Transcribe the entries below exactly; leave every image out.

Data shown below:

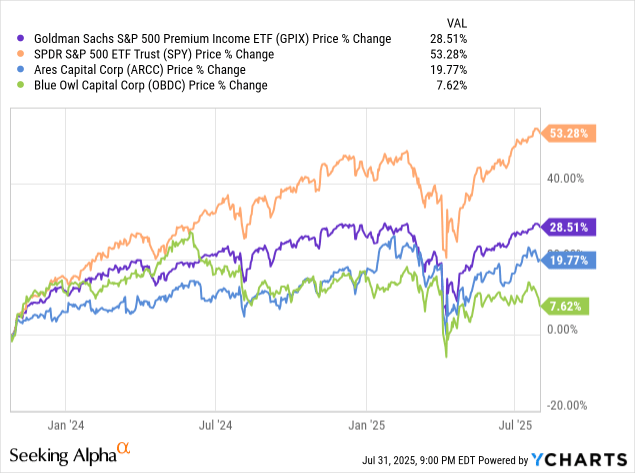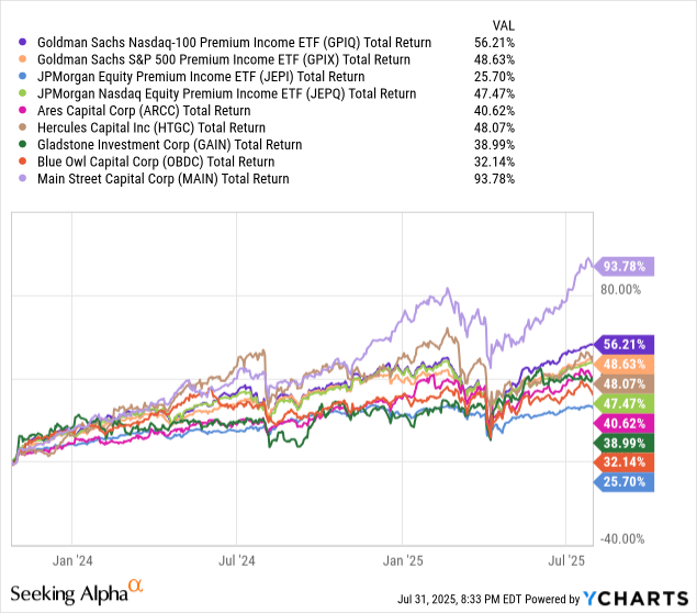 This makes covered call ETFs a compelling choice for investors that are specifically seeking income generation. Running a quick performance comparison, we can see that many of these covered call ETFs also offer very competitive performances to BDCs. Both GPIQ and GPIX outperform the included BDCs, with MAIN being the exception. However, this is a smaller time comparison and the outlook may look different if we allow more time to pass.
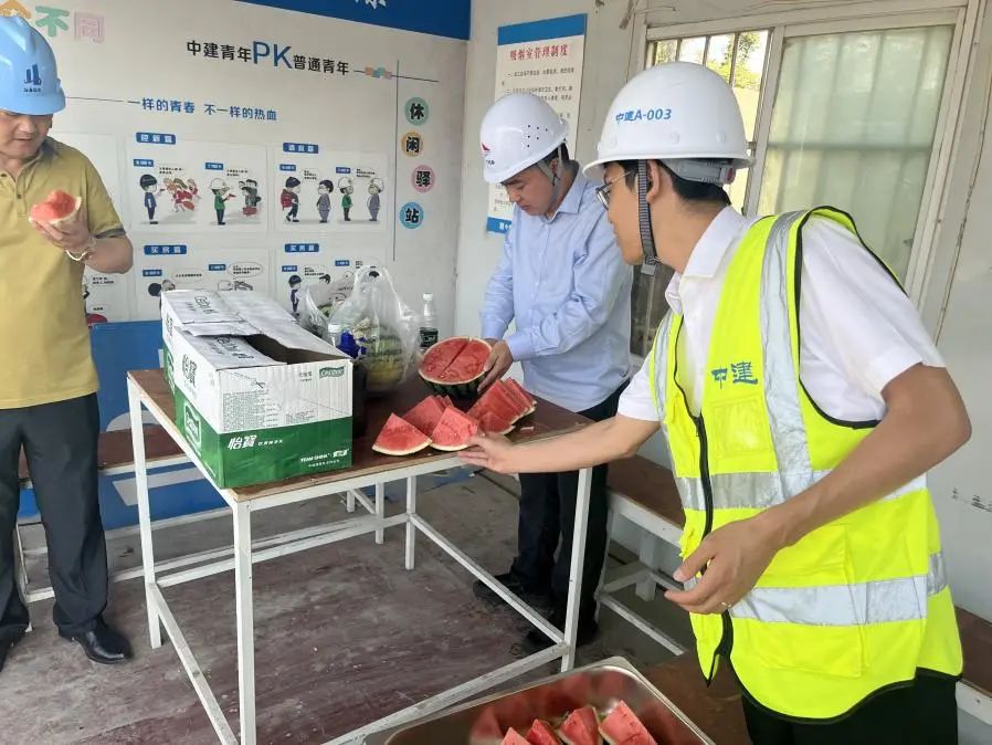入夏以來,氣溫不斷飆升,為確保一線職工能平安度夏,公司安排專人將西瓜、礦泉水等防暑降溫物品送到碼頭一線、項目施工現場,并向一線職工普及防暑降溫基本知識。公司也將根據天氣情況,持續發放防暑降溫物資,安排食堂熬煮綠豆水、酸梅湯等,讓“暖心”成為盛夏最清涼的主旋律。
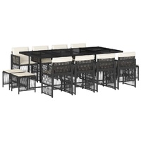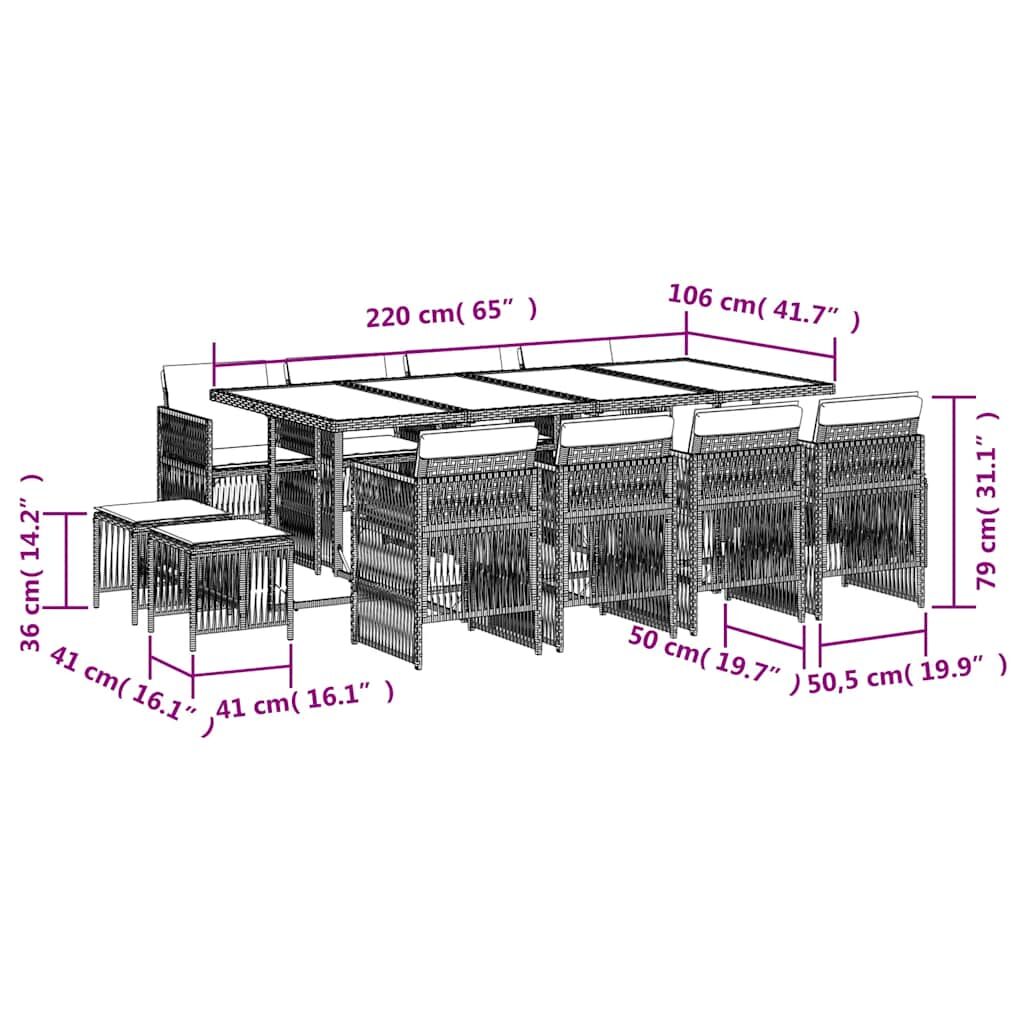 This garden dining set is a great choice for al fresco dining or just relaxing in the garden, backyard, or on the patio. Durable material: PE rattan, also known as poly rattan, is a strong, low-maintenance synthetic material that looks like natural rattan. It's lightweight, easy to clean, and commonly used for outdoor furniture due to its durability and weather-resistant properties.Compact storage: These chairs have a flap backrest that can be folded down, making it easy to store them under the table. When folded, they neatly fit under the table, forming a space-saving cube shape. Additionally, the stools can also be stored under the chairs, further maximizing space efficiency.Comfortable seat experience: This outdoor furniture, complete with thickly padded cushions, offers a comfortable seating experience.Removable and washable cover: These cushions feature removable covers for easy washing and maintenance. The cushion covers have a flap at the back for easy attachment to the backrests.Glass tabletop: The outdoor table's top is made from strong and durable tempered glass, making it easy to clean with a damp cloth and adding a touch of elegance to your outdoor space. Good to know: To make sure your outdoor furniture stays beautiful, we recommend protecting it with a waterproof cover.
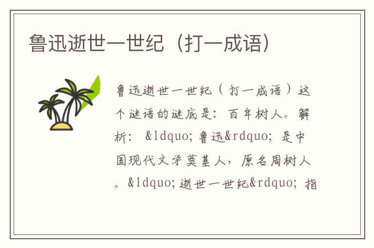 鲁迅逝世一世纪(打一成语)
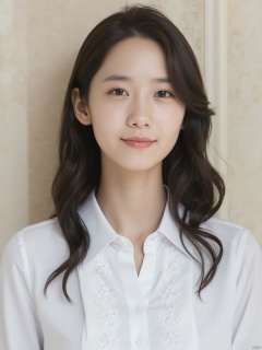 A close-up shot of a young Asian woman with long dark brown hair and brown eyes. She is wearing a white collared button down shirt with white embroidery on the collar. Her lips are a vibrant shade of pink. Her eyebrows are a light brown and her eyes are a darker shade of brown. She has a slight smile on her face. The backdrop is a light beige wall.
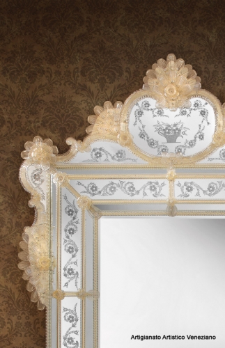 Specchio con cimiero e cornice a tre fasce specchiate. La particolarità di questo specchio è data, oltre che dalle precise incisioni realizzate a mano con ruota in pietra arenaria, dai ricchi decori in vetro di Murano avvolgono il cimiero e le fasce della cornice. Lusso ed esclusività sono il marchio di fabbrica di questa collezione che mira ad evocare il gusto sfarzoso e l’ostentata ricchezza della Venezia del ‘600 e ‘700.
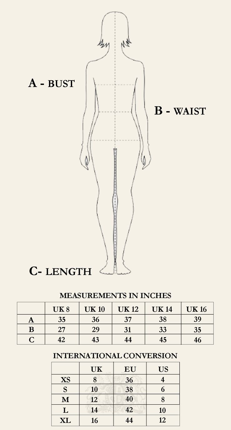 Veuillez noter que tous nos articles sont vendus dans les tailles britanniques. Les tailles de robes australiennes sont les mêmes que celles du Royaume-Uni.
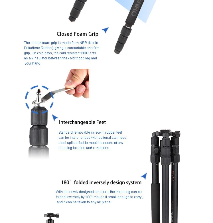 Ножки штатива оснащены взаимозаменяемой винтовой резиной и шипами из нержавеющей стали.
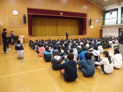 今日は今年最後の朝会がありました。校長先生からみんなのことで,うれしいことが2つあるというお話がありました。一つ目は掃除をしっかり頑張る人が増えていること。二つ目は,「ありがとう」を言える人が増えているということだそうです。特に二つ目は,校長先生が掃除をしていると「校長先生!きれいにしていただいて,ありがとうございます」と言われることが多いそうです。最近校長先生は,「ありがとう」を言うと自分が幸せになったと思うそうです。冬休み,身近な人や,地域の人,親戚の人などにたくさん「ありがとう」を言えるようになってくださいというお話がありました。その他,休み中交通ルールを守り,規則正しい生活を送り元気に1月10日に会いましょうと話されました。ご家庭でも,学校より配布致しました「冬休みのくらし」を参考に,冬休み中の過ごし方について話し合っていただきますようお願い申し上げます。どうぞ良いお年をお迎えください。
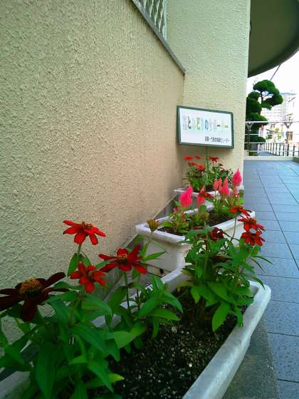 「花とみどりのサポーター」のみなさんに、玄関前と東門横のお花を植え替えていただきました。
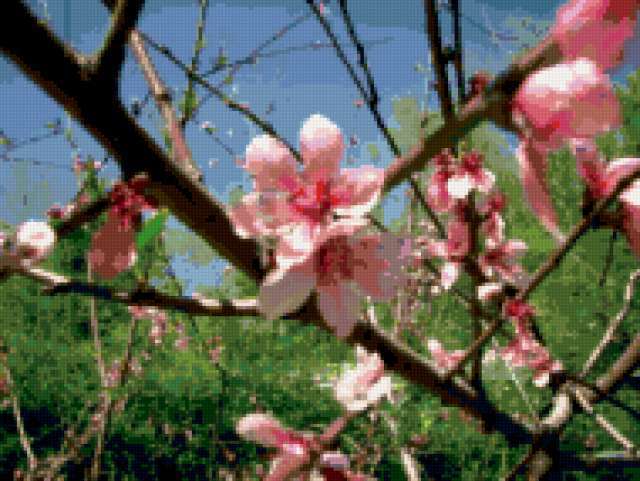 Ориентировочно так, схема вышивки «Персик», созданная автором njcbkmlf, будет выглядеть при отшиве на канве. Размер данной вышивки равен 190x143 крестов, при этом используется 76 цветов. Ключевые слова, по которым можно найти эту схему: весна, персик, ветки, дерево, пейзаж. Также, вы можете взглянуть на оригинальную картинку, соответствующую данной схеме вышивки.
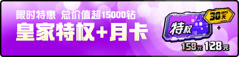 特权礼包「皇家特权+月卡x30天」上线专属折扣仅售¥128,礼包内容包含:
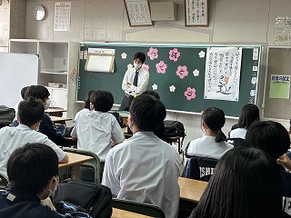 学級開きでは、それぞれのクラスで担任の先生との出会いの場面がありました。お互いの自己紹介をしたり、担任の先生について質問をしたり、また担任の先生の熱い想いを聞いたりなど、これから始まる1年間を素敵なものにしていきましょう!という大事な時間になりました。
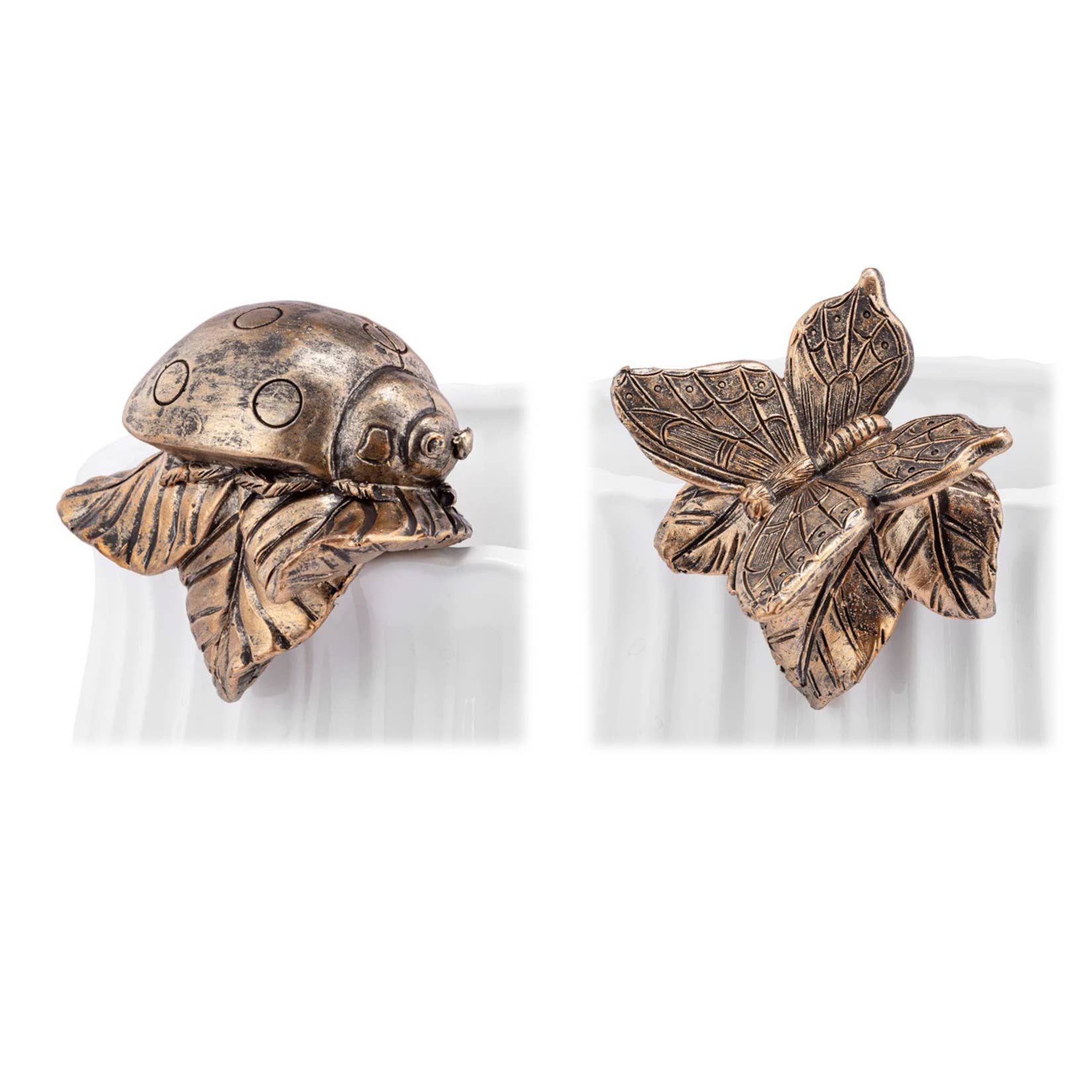 Dress up a pot or container with one of these resin bugs. These are designed to rest on the rim of a planter, pot, vase or container. Ladybug: 3" L x 2" W x 2.5" H Butterfly: 3" L x 3" W x 2" H

End of Data shown.

● Solution:
 This makes covered call ETFs a compelling choice for investors that are specifically seeking income generation. Running a quick performance comparison, we can see that many of these covered call ETFs also offer very competitive performances to BDCs. Both GPIQ and GPIX outperform the included BDCs, with MAIN being the exception. However, this is a smaller time comparison and the outlook may look different if we allow more time to pass.
入夏以來,氣溫不斷飆升,為確保一線職工能平安度夏,公司安排專人將西瓜、礦泉水等防暑降溫物品送到碼頭一線、項目施工現場,并向一線職工普及防暑降溫基本知識。公司也將根據天氣情況,持續發放防暑降溫物資,安排食堂熬煮綠豆水、酸梅湯等,讓“暖心”成為盛夏最清涼的主旋律。
 This garden dining set is a great choice for al fresco dining or just relaxing in the garden, backyard, or on the patio. Durable material: PE rattan, also known as poly rattan, is a strong, low-maintenance synthetic material that looks like natural rattan. It's lightweight, easy to clean, and commonly used for outdoor furniture due to its durability and weather-resistant properties.Compact storage: These chairs have a flap backrest that can be folded down, making it easy to store them under the table. When folded, they neatly fit under the table, forming a space-saving cube shape. Additionally, the stools can also be stored under the chairs, further maximizing space efficiency.Comfortable seat experience: This outdoor furniture, complete with thickly padded cushions, offers a comfortable seating experience.Removable and washable cover: These cushions feature removable covers for easy washing and maintenance. The cushion covers have a flap at the back for easy attachment to the backrests.Glass tabletop: The outdoor table's top is made from strong and durable tempered glass, making it easy to clean with a damp cloth and adding a touch of elegance to your outdoor space. Good to know: To make sure your outdoor furniture stays beautiful, we recommend protecting it with a waterproof cover.
 鲁迅逝世一世纪(打一成语)
 A close-up shot of a young Asian woman with long dark brown hair and brown eyes. She is wearing a white collared button down shirt with white embroidery on the collar. Her lips are a vibrant shade of pink. Her eyebrows are a light brown and her eyes are a darker shade of brown. She has a slight smile on her face. The backdrop is a light beige wall.
 Specchio con cimiero e cornice a tre fasce specchiate. La particolarità di questo specchio è data, oltre che dalle precise incisioni realizzate a mano con ruota in pietra arenaria, dai ricchi decori in vetro di Murano avvolgono il cimiero e le fasce della cornice. Lusso ed esclusività sono il marchio di fabbrica di questa collezione che mira ad evocare il gusto sfarzoso e l’ostentata ricchezza della Venezia del ‘600 e ‘700.
 Veuillez noter que tous nos articles sont vendus dans les tailles britanniques. Les tailles de robes australiennes sont les mêmes que celles du Royaume-Uni.
 Ножки штатива оснащены взаимозаменяемой винтовой резиной и шипами из нержавеющей стали.
 今日は今年最後の朝会がありました。校長先生からみんなのことで,うれしいことが2つあるというお話がありました。一つ目は掃除をしっかり頑張る人が増えていること。二つ目は,「ありがとう」を言える人が増えているということだそうです。特に二つ目は,校長先生が掃除をしていると「校長先生!きれいにしていただいて,ありがとうございます」と言われることが多いそうです。最近校長先生は,「ありがとう」を言うと自分が幸せになったと思うそうです。冬休み,身近な人や,地域の人,親戚の人などにたくさん「ありがとう」を言えるようになってくださいというお話がありました。その他,休み中交通ルールを守り,規則正しい生活を送り元気に1月10日に会いましょうと話されました。ご家庭でも,学校より配布致しました「冬休みのくらし」を参考に,冬休み中の過ごし方について話し合っていただきますようお願い申し上げます。どうぞ良いお年をお迎えください。
 「花とみどりのサポーター」のみなさんに、玄関前と東門横のお花を植え替えていただきました。
 Ориентировочно так, схема вышивки «Персик», созданная автором njcbkmlf, будет выглядеть при отшиве на канве. Размер данной вышивки равен 190x143 крестов, при этом используется 76 цветов. Ключевые слова, по которым можно найти эту схему: весна, персик, ветки, дерево, пейзаж. Также, вы можете взглянуть на оригинальную картинку, соответствующую данной схеме вышивки.
 特权礼包「皇家特权+月卡x30天」上线专属折扣仅售¥128,礼包内容包含:
 学級開きでは、それぞれのクラスで担任の先生との出会いの場面がありました。お互いの自己紹介をしたり、担任の先生について質問をしたり、また担任の先生の熱い想いを聞いたりなど、これから始まる1年間を素敵なものにしていきましょう!という大事な時間になりました。
 Dress up a pot or container with one of these resin bugs. These are designed to rest on the rim of a planter, pot, vase or container. Ladybug: 3" L x 2" W x 2.5" H Butterfly: 3" L x 3" W x 2" H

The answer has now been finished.